Por essas razões, marcas online de varejo dos mais variados segmentos têm aberto lojas físicas. Empresas como Warby Parker, Bonobos e Amaro perceberam que o PDV complementa o online, mesmo que parte das transações aconteça de forma digital. Na Bonobos, varejista americana de camisas feitas sob medida, as visitas dos clientes às lojas físicas são agendadas (pelo site da marca), para que o consumidor receba um atendimento personalizado, escolha texturas, tecidos e cores das roupas e tenha suas medidas tomadas. Os produtos são entregues depois de alguns dias em casa.

A abordagem da Amaro também integra online e offline. Suas Guide Shops são lojas físicas em que é possível provar os produtos, retirar compras ou devolver produtos. As roupas são entregues online e, assim, a loja física é, efetivamente, um showroom. Lá, o foco da equipe de atendimento fica concentrado em entender as demandas dos clientes e oferecer soluções.

Fazer parte do fulfillment

A loja física pode estar presente em outras fases do processo de compra. Modalidades omnichannel que vêm em forte expansão em todo o mundo, como o ship from store e o click & collect, usam o ponto de venda, respectivamente, como mini Centro de Distribuição para entregas na região e como ponto de retirada de compras pelos clientes.
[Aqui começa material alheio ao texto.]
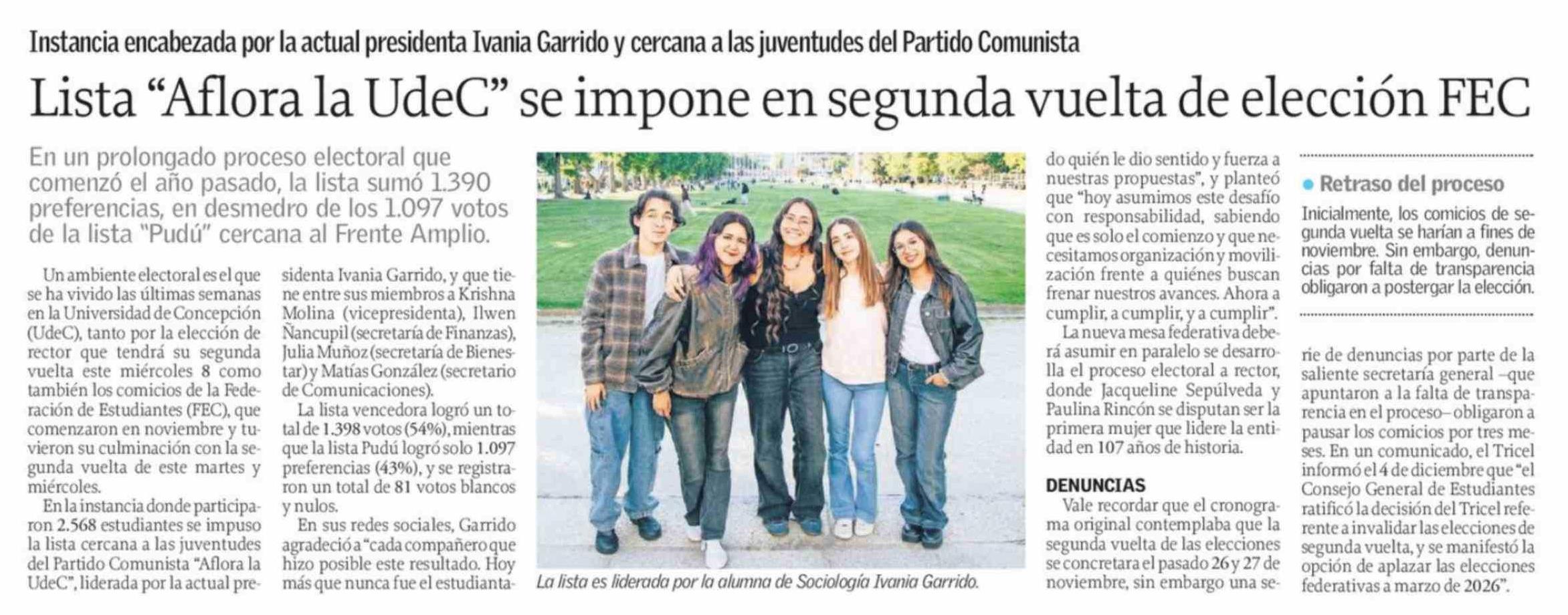 Lista "Aflora la UdeC" se impone en segunda vuelta de elección FEC
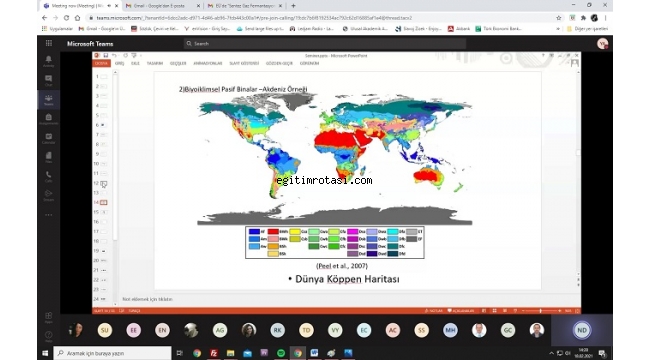 Ege Üniversitesi Çevre Sorunları Uygulama ve Araştırma Merkezi (ÇEVMER) tarafından düzenlenen “Perşembe Seminerleri” devam ediyor. Çevrimiçi gerçekleşen seminerler kapsamında Ege Üniversitesi Fen Bilimleri Enstitüsü Çevre Bilimleri Anabilim Dalı yüksek lisans öğrencisi Fatma Nur Derdiyok tarafından “Geleneksel Akdeniz Mimarisinde Pasif Bina Çözümleri” konulu sunum yapıldı. Seminere; ÇEVMER Müdürü Prof. Dr. Dinçer Ayaz, Fatma Nur Derdiyok’un danışmanı Ege Üniversitesi Mühendislik Fakültesi İnşaat Mühendisliği Bölümü öğretim üyesi Doç. Dr. Gülben Çalış, akademisyenler ve öğrenciler katıldı.
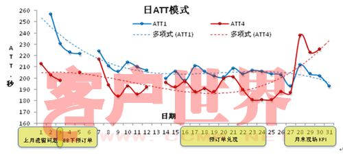 从上图可见,月头的上月遗留问题(配送不及时、到货差异破损、帐务问题等)、月末现场冲刺KPI等客户流程因素对ATT有明显影响。需要特别说明的是,4月27日后ATT有一个明显的扬起,这是客户业务政策调整的直接反应,在下一节中详细分析。
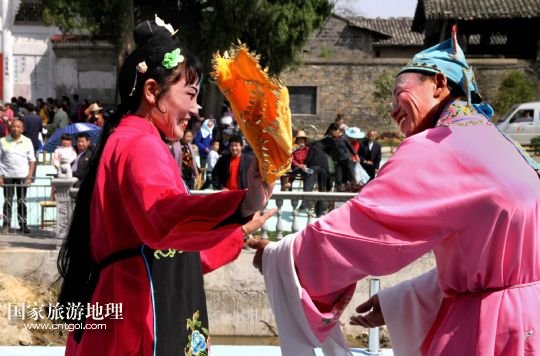 4月28日,江西省靖安縣中源鄉(xiāng)農(nóng)民劇團的農(nóng)民為游客表演地方戲。

A lógica por trás desse movimento é a redução dos custos logísticos, especialmente na chamada “última milha” (o trecho da entrega ao cliente, em que é preciso distribuir pacotes individuais em endereços diferentes).

Pelo ship from store, o e-commerce usa o estoque da loja física para a entrega, que pode ser feita por um app de “delivery de tudo” (como Loggi e Rappi) ou por profissionais contratados diretamente pela empresa. Pelo click & collect, a loja física recebe as encomendas vindas do Centro de Distribuição e as aloca em uma área específica para retirada pelo cliente. O aumento dos investimentos do Magazine Luiza na transformação de suas lojas em hubs de distribuição de produtos mostra que essa estratégia terá um forte impacto sobre o varejo brasileiro.

O papel da loja física está mudando radicalmente. O crescimento das vendas online e o aumento da presença do digital nas várias fases da jornada dos consumidores tem colocado na mão dos clientes diversos processos que antes aconteciam no PDV, como a comparação de preços e a informação sobre produtos. Ao mesmo tempo, a loja física está fazendo parte de novos momentos do relacionamento com os clientes, como a logística online. Tudo isso aumenta a complexidade da gestão do varejo, mas oferece novas oportunidades para a atração e fidelização dos clientes.